I am looking for a function that does an N-dimensional diagonal 
traversal. I want the traversal to be fair: the sum of the indices of 
the produced combinations should be non-decreasing. Let me illustrate 
with an example.

The type of a 2-dimensional traversal would look like this:
> diag2 :: [a] -> [b] -> [(a, b)]

The first two arguments are the two half-axes of the grid and the result 
is a fair diagonal traversal of all the points.
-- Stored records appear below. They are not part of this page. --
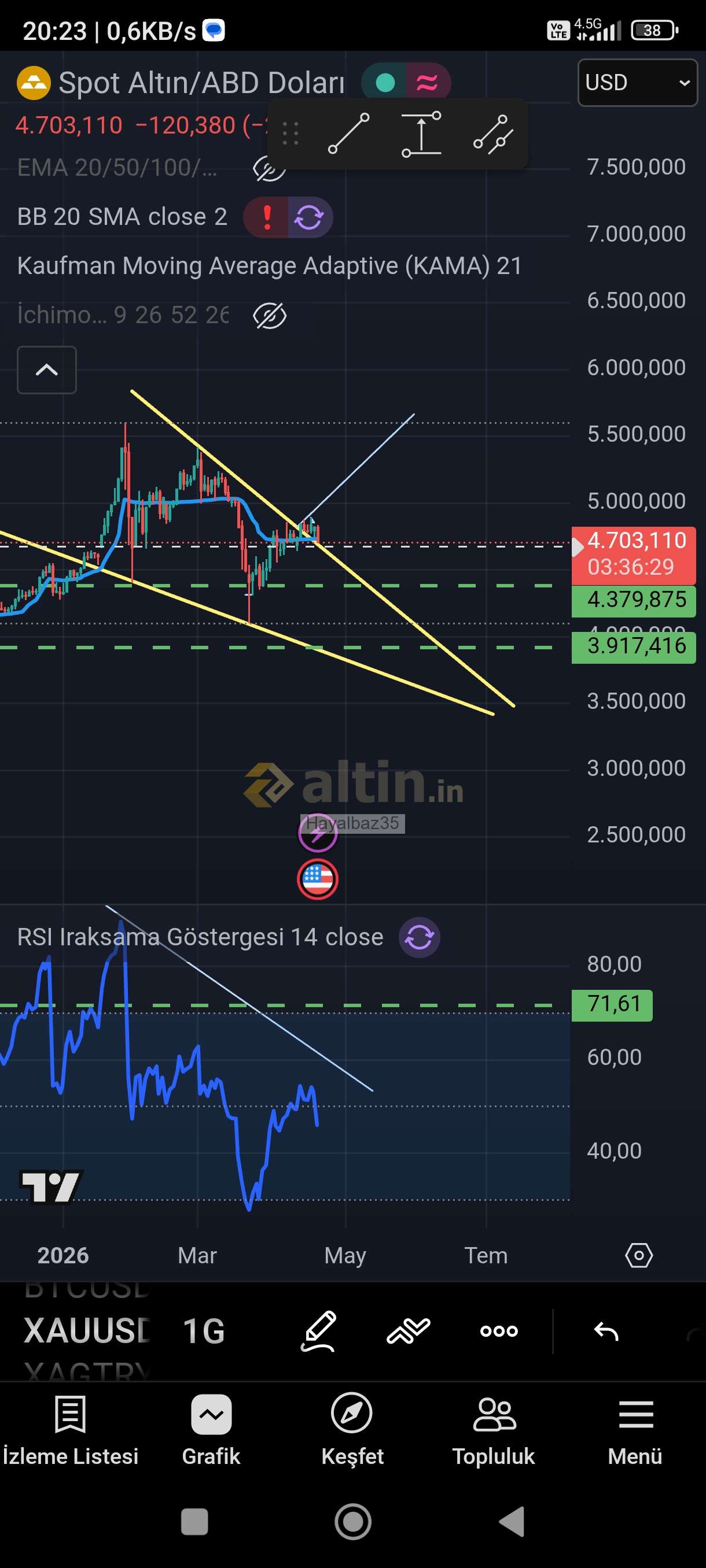 Mehmet2018 ()4720 üstünde kalıcı olursa biraz alınır olmassa 4660 yada 4605 güçlü destek olarak görünüyor ama kirarsa panik satislar başlar asgida çok boşluk var ytd
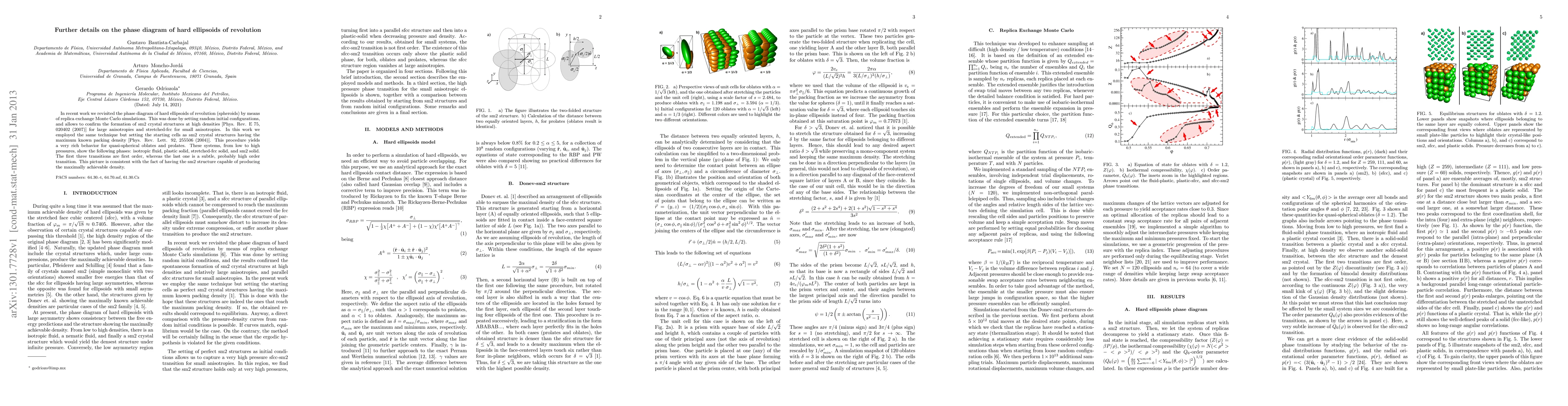 Researchers used a simulation method to study the phase behavior of hard ellipsoids of revolution under high pressure, discovering multiple phases including fluid, solid, and crystal structures with varying densities.
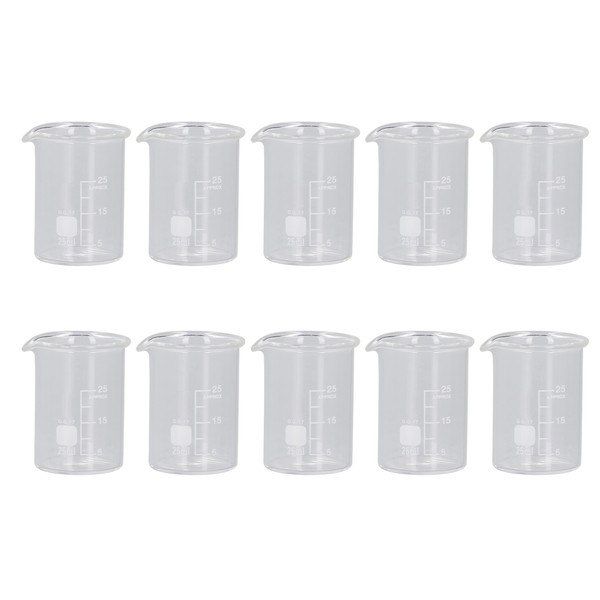 10PCS Glass Beaker Set Experiment Measuring Cup with Scale Teaching Equipment 25mL Capacity
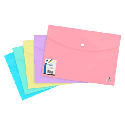 Pochette à bouton Pastel, conçue en polypropylène opaque garantissant la confidentialité de vos documents (Epaisseur 150µm) avec un effet brillant. Equipée d’une fermeture sécurisée avec bouton à pression, se déclinant en 5 coloris Pastel. Cette pochette est disponible en dimensions 24×32 pour les documents de format A4.
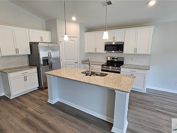 Savannah's most trusted local builder is proud to offer our Spring Valley II TR plan. This home has some excellent features and upgrades including an upgraded front look "Elevation E" with brick ledge, covered back porch with concrete patio extension, 6' vikrell shower in primary bathroom, garage door opener with 2 remotes, pendant lights above kitchen island, large single kitchen sink, click plank LVP wood look flooring in main living area and wet areas, upgraded 36" cabinet uppers in kitchen, granite tops in Kitchen, quartz tops in both full bathrooms, ADT Security package, tile backsplash in kitchen, all stainless appliances including refrigerator in kitchen, and fully sodded and irrigated yard with automatic timer. Completion date is estimated to be March 2025. Pictures, features, and selections shown are for illustration purposes and may vary from the home built. All builder incentives applied.

For example:
>> diag2 [1,2,3] [4,5,6,7]
> [(1,4),(2,4),(1,5),(3,4),(1,6),(2,5),(1,7),(3,5),(2,6),(2,7),(3,6),(3,7)]

Of course the function should work on infinite lists:
>> diag2 [1..] [1..]
> [(1,1),(2,1),(1,2),(3,1),...

Or a combination of finite and infinite lists:
>> diag2 [1,2] [1..]
> [(1,1),(2,1),(1,2),(1,3),(2,2),(1,4),...

Notice that in each case the sum of the pairs (which can seen as indices 
in these particular examples) are non-decreasing:
>> let sums = map (uncurry (+))
>> sums $ diag2 [1,2,3] [4,5,6,7]
> [5,6,6,7,7,7,8,8,8,9,9,10]
>> sums $ diag2 [1..] [1..]
> [2,3,3,4,4,4,5,5,5,5,6,...
>> sums $ diag2 [1,2] [1..]
> [2,3,3,4,4,5,5,6,6,7,7,...

Similarly for 3 dimensions the type would be:
> diag3 :: [a] -> [b] -> [c] -> [(a, b, c)]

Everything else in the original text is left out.